While theories say that price should therefore double, Bitcoin analyst Nic Carter recently stated that the halving likely did not have a meaningful effect on price action.

Carter’s statement is likely a simplification of what remains a complex economic mechanism built into the network. The crux of the matter lies in whether Bitcoin is an efficient market, one that reacts in real-time to developments in the news and wider financial markets. 

BTC was likely inefficient in its infancy when arbitrage opportunities between different fiat currencies and Bitcoin were possible.

Now, after its third halving event, the asset has become a much different beast.

Opposing Theories on Bitcoin Halvings

The efficient market hypothesis holds that Bitcoin’s halvings are “priced in,” meaning the market has anticipated the events long in advance and factored each halving into Bitcoin’s price. While the price has risen after the 2012 and 2016 halvings, two halvings don’t provide enough data to gauge a trend, and it will take decades to map out the effect of halvings on price accurately.

On the other hand, the stock-to-flow model for Bitcoin scarcity holds that Bitcoin’s diminishing supply is bound to increase the price. The model indicates how many years it would take to produce the current supply of Bitcoin at the current production rate, with the conclusion being that Bitcoin could be above $100,000 by the end of 2021.

The model was popularized by Plan B on Twitter and supported by commentators such as Dan Held, head of growth at Kraken and formerly Uber.

Held has even gone on to say that Bitcoin could go as high as $1 million. 

Speaking to Crypto Briefing, Held stated that the wider financial markets have not priced in events like the Bitcoin halving, referring to the fact that many entrants are not yet aware of the event. 

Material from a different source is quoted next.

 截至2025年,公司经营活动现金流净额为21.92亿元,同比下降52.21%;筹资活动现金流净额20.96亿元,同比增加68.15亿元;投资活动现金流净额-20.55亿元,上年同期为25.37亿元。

“Simply put, 99% of investors have never seriously considered it,” says Held.

Unanticipated Events Major Drivers of BTC

While Bitcoin recently peaked above an all-time high, the consensus remains that the latest halving has not given Bitcoin the major lift many were expecting.

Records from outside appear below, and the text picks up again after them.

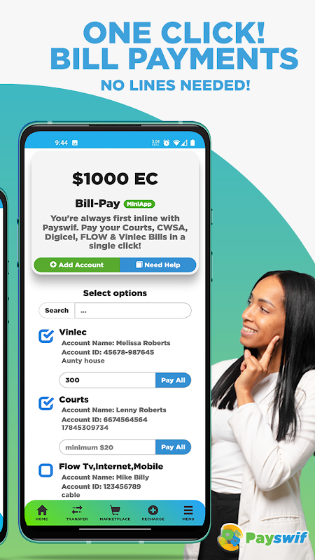 Pay all major bills (Digicel, Flow, CWSA, Vinlec, CWSA, Courts)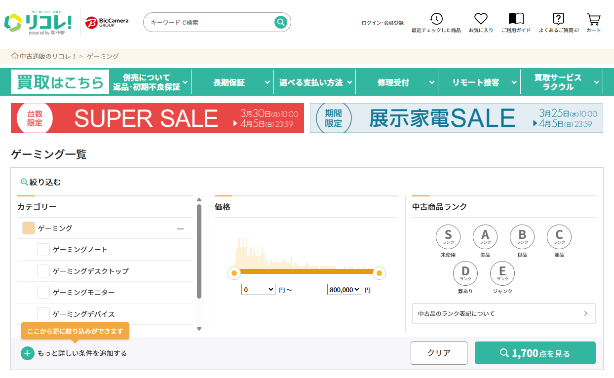 リコレ!ビックカメラグループのソフマップが運営する中古専門サイトで、大手グループならではの安心感があります。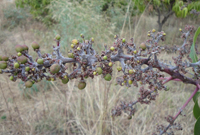 癥狀:是花期的主要病害,同時(shí)危害幼果、嫩葉,嚴(yán)重影響果實(shí)產(chǎn)量。該病主要為害花序、幼果和嫩葉;ㄐ蛑W钊菀资芨腥,梗上病斑褐色,病部常見白粉狀物,花梗環(huán)縊狀死亡,其上花朵、幼果隨之枯死脫落。嫩葉癥狀多在葉背,病葉常扭曲、畸形。幼果受害,果面出現(xiàn)近圓形的斑點(diǎn),嚴(yán)重時(shí)幼果全部被白粉狀物覆蓋,造成大量落果。

Economist and Bitcoin analyst Alex Kruger spoke to Crypto Briefing, stating that halvings likely aren’t as big a driver as stock-to-flow supporters believe, citing other factors at play in the markets.

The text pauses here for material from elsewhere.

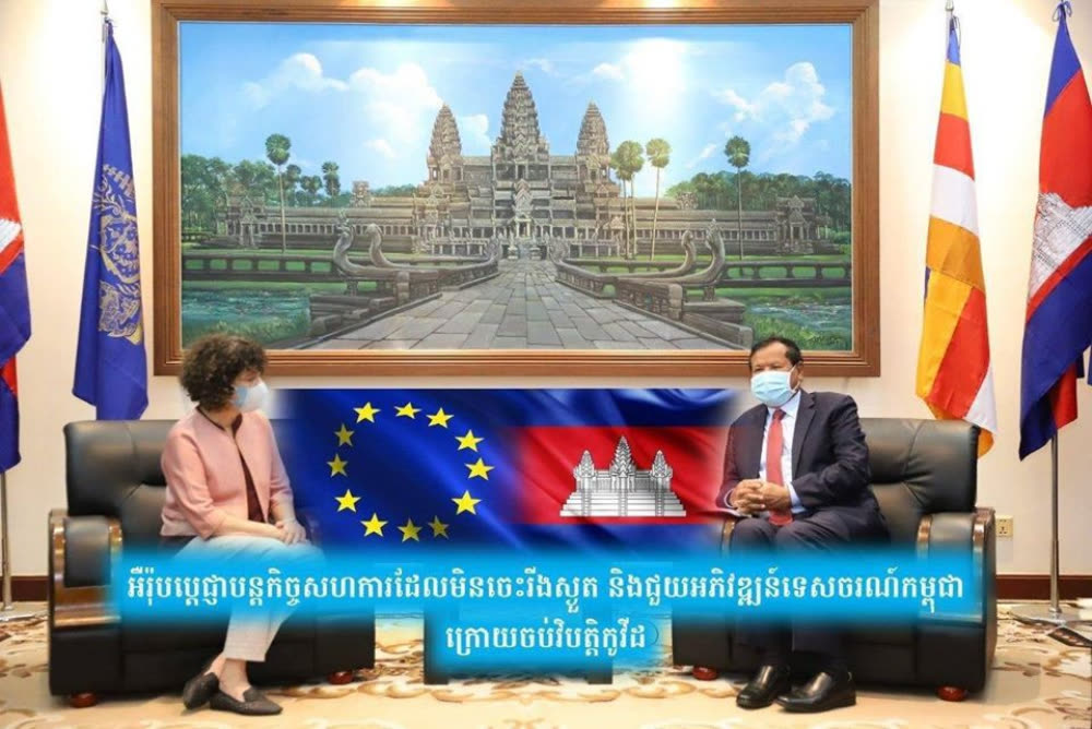 【柬埔寨头条综合报道】5月28日,旅游部部长唐坤与欧盟驻柬埔寨大使Carmen Moreno在旅游部举行的工作会议上,Carmen Moreno女士承诺,在全球的新冠疫情缓解后,欧盟将进一步支持柬埔寨旅游业的发展,特别是在发展旅游业的生态旅游和人力资源方面,将加强与柬埔寨旅游部的合作。

The discussion also redefines what “priced in” means. 

Of course, the creation of new Bitcoin reducing in half matters. But “many other variables matter as well,” says Kruger, adding that “the main variables behind this bull run are institutional and high-net-worth individuals demand, and Paypal.”

Kruger believes that while “the 2020 halving did drive the price higher before coronavirus hit” to some degree, “subsequent halvings won’t have as much of an impact.”

According to this theory, institutions such as Square and Microstrategy buying hundreds of millions of dollars in Bitcoin were far more significant to the bull run than the latest halving. 

Events such as the U.S. Presidential elections are likely playing a role too. 

Concluding, the halving discussion rages on.

There simply isn’t enough data for such a new asset class to pinpoint the effects of specific events. But if one is to follow the stock-to-flow model, and BTC reaches $100,000 by the end of next year, perhaps that will settle the matter entirely.